Exercise goal: Return only these lines: the one that contains "SAN JUAN CAPISTRANO" and every line after it through the end of the listing, exactly, without pictures.

++++ Entries supplied ++++

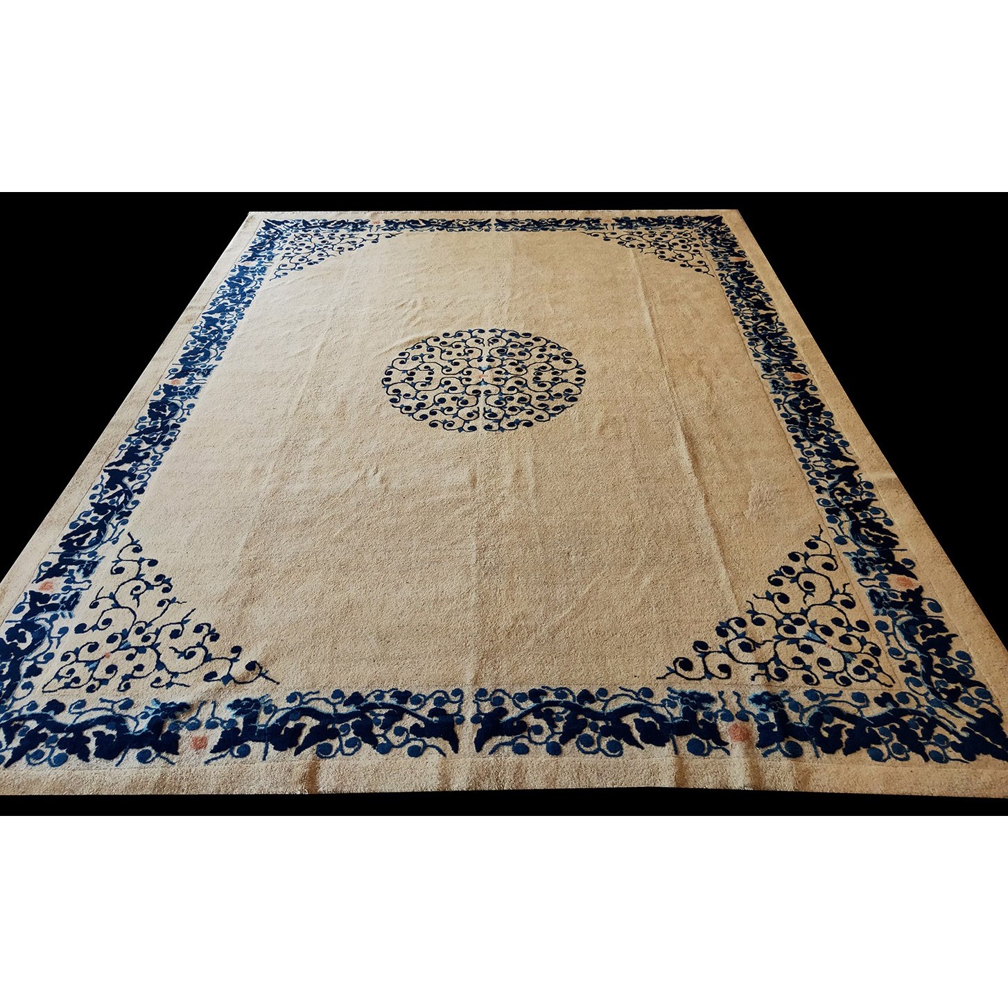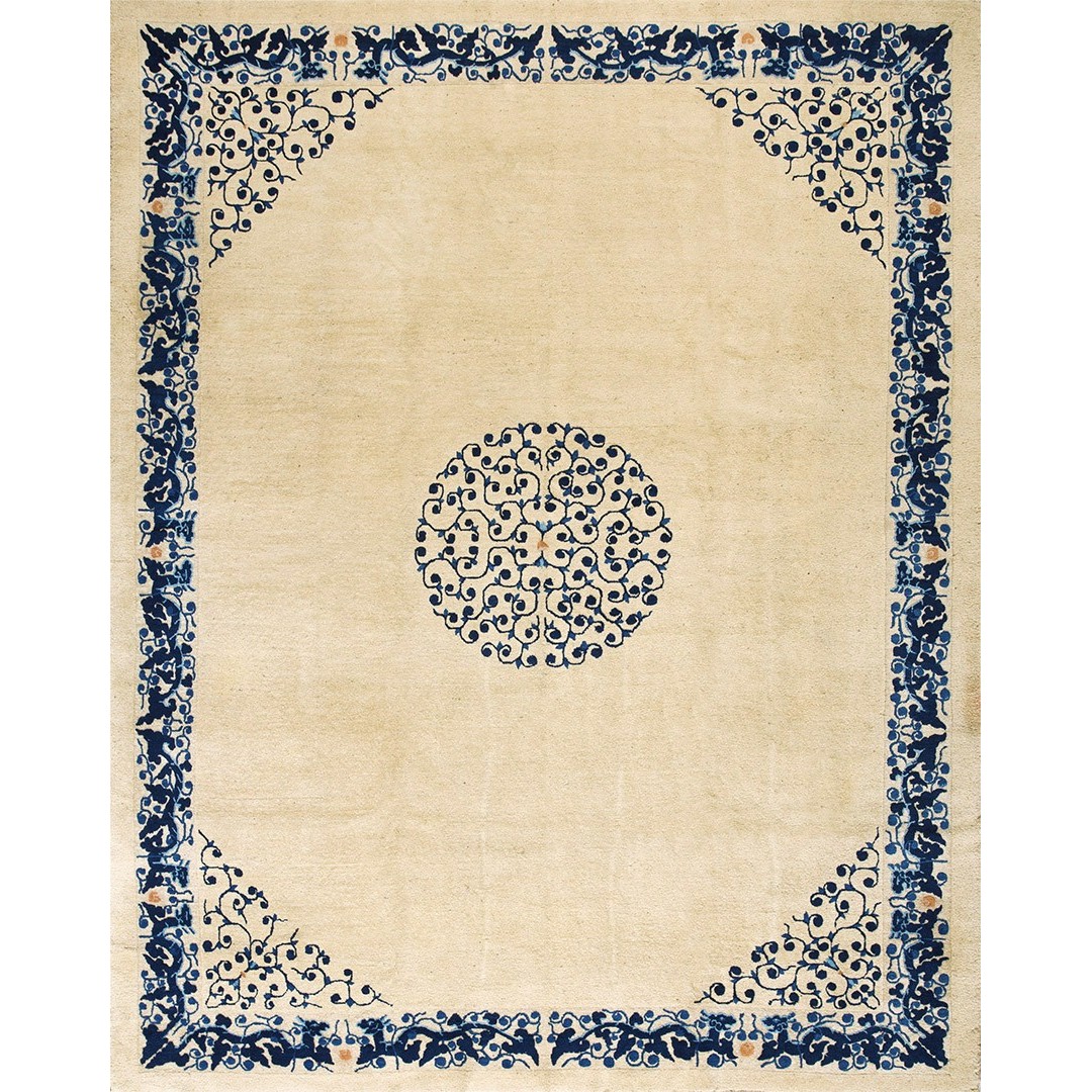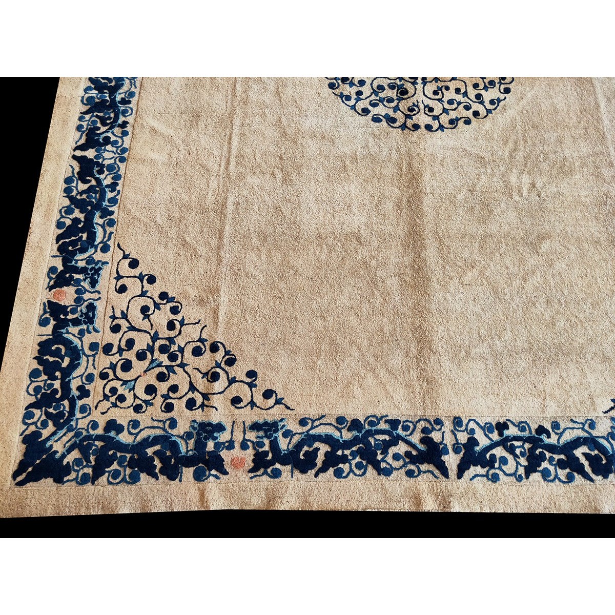 DescriptionChineseCarpets made in China proper. See entries Ningshia, Peking, Art Deco. Chinese - PekingThe commercial Peking carpet is a later 19th century development, begun by importing weaves from Ningshia (see entry) to create and export industry aimed at Western markets. The foundation is cotton and the pile is a good quality carpet wool which takes dyes particularly well. The neat medium weave is in Persian (asymmetric) knots. Designs are strictly Chinese and the whole motif repertoire of Chinese art is employed. Blue and white is the most popular color combination and red is particularly rare. Sizes tend to 9 x 12 and larger, and few small pieces appear. For a short time in the early 1920s Persian designs were woven to capitalize on the death of new Iranian goods. The industry decimated by the Communist Revolution relocated to the Pearl River area. There is a good supply of antique carpets at reasonable prices. | |
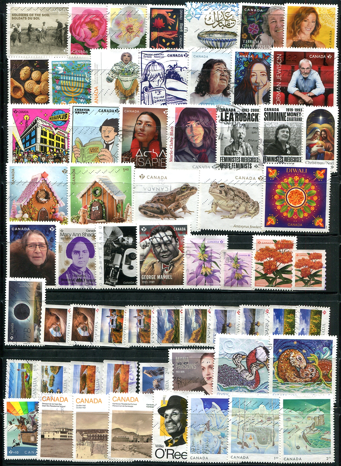 Recent Used. Selection of 202 different from beginning of COVID in 2020 to latest 2025 issues including high values like new 2.61 definitive, Christmas high values, Flying Postal Truck only issued to postal employees, and 9 different personal postage issues with one 1.30 value. The best offering of these we have ever had, and so hard to find with hardly anyone using postage stamps anymore! Estimate =
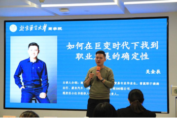 随后,吴金辰对于目前所在工作单位小红书进行了简单介绍,同学们了解到小红书是一家鼓励创新、多元化的年轻企业,是如今年轻群体当中潮流的生活方式平台。吴金辰谈到新就业环境下企业对毕业生的要求,青睐于品学兼优、能力全面、自驱上进、心智成熟的优秀学生。对于未来职业生涯规划,他结合自己大学期间在甲骨文、IBM的实习经历及北京奥运会志愿服务经历,讲到同学们不仅要注重自己的学习成绩,也要把握机会参加实习实践、参加竞赛等丰富阅历,利用课余时间通过课程辅修、参与学生工作等渠道储备技能,努力提升自我,为未来发展做好充分准备。
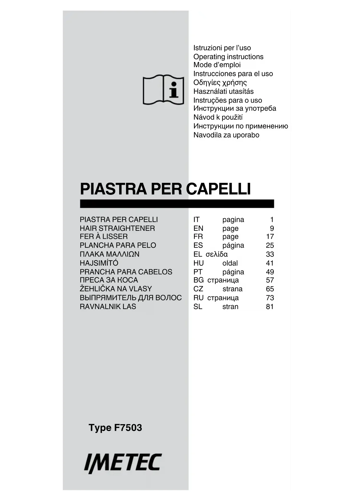 Téléchargez la notice de votre Lisseur au format PDF gratuitement ! Retrouvez votre notice B6 200 - IMETEC et reprennez votre appareil électronique en main. Sur cette page sont publiés tous les documents nécessaires à l'utilisation de votre appareil B6 200 de la marque IMETEC.
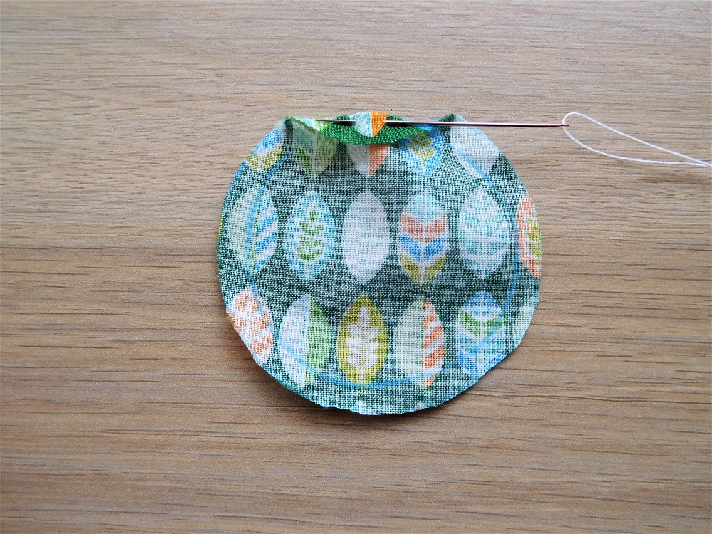 元の玉結びのところまで縫えたら、糸をゆっくり引っ張って布を縮めます。円の形を整えながら、あいだの糸が見えないようにしましょう。
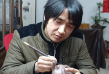 马燕简介:男,宜兴人,1979年生,笔名溪石,著名国家级刻陶师,国家级助理工艺美术师,2004年毕业于北京联合大学艺术设计系。虽然自小双耳失聪,听不到世界美妙的声音,但坚强乐观,从小酷爱绘画,并在刻陶技法上探索和创造了自己的风格。
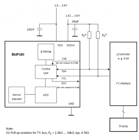 El módulo utilizado incluye además del sensor un regulador de voltaje (5V a 3.3V), resistencias pull-up y capacitores by-pass. El Modulo puede alimentarse directamente de una fuente de 5 voltios. La siguiente figura muestra las conexión básica electronilab.co/tienda/sensor-de-presion-barometrica-bmp180/
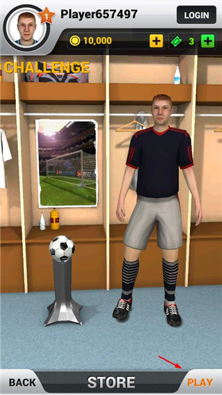 3、球员成长与自定义系统,通过比赛获得经验提升属性,并可解锁多种庆祝动作、球衣与足球皮肤,打造属于你的明星射手形象;
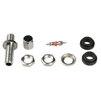 Колесный вентиль представляет собой обратный клапан. Он предназначен для нагнетания и удержания воздуха внутри шины. Корпус, золотник и колпачек выполнены из латуни, прокладка - из резины. Диаметр отверстия в диске - 11.5 мм. Рабочее давление - до 14 bar.
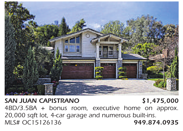 SAN JUAN CAPISTRANO $1,475,000 4BD/3.5BA + bonus room, executive home on approx. 20,000 sqft lot, 4-car garage and numerous built-ins. MLS# OC15126136 949.874.0935
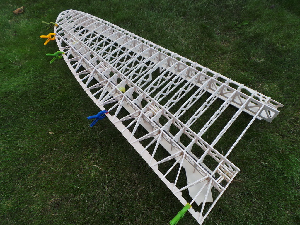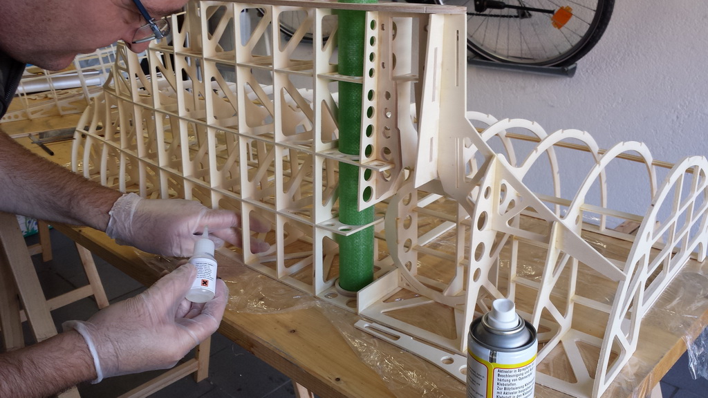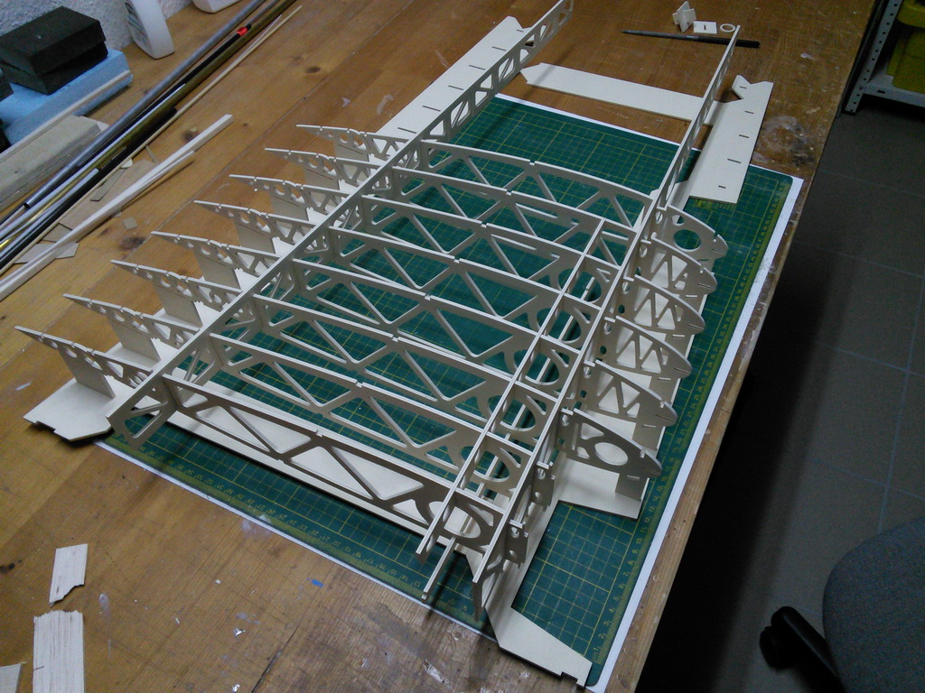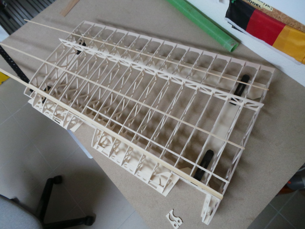 Mai-2014: Die Aussenflächen mit Querruder werden begonnen. Es muß aber alles noch verschliffen und verklebt werden und mit den geschäfteten Holmen mit dem inneren Flächenstück verbunden werden.

++++

Your solution:
 SAN JUAN CAPISTRANO $1,475,000 4BD/3.5BA + bonus room, executive home on approx. 20,000 sqft lot, 4-car garage and numerous built-ins. MLS# OC15126136 949.874.0935
 Mai-2014: Die Aussenflächen mit Querruder werden begonnen. Es muß aber alles noch verschliffen und verklebt werden und mit den geschäfteten Holmen mit dem inneren Flächenstück verbunden werden.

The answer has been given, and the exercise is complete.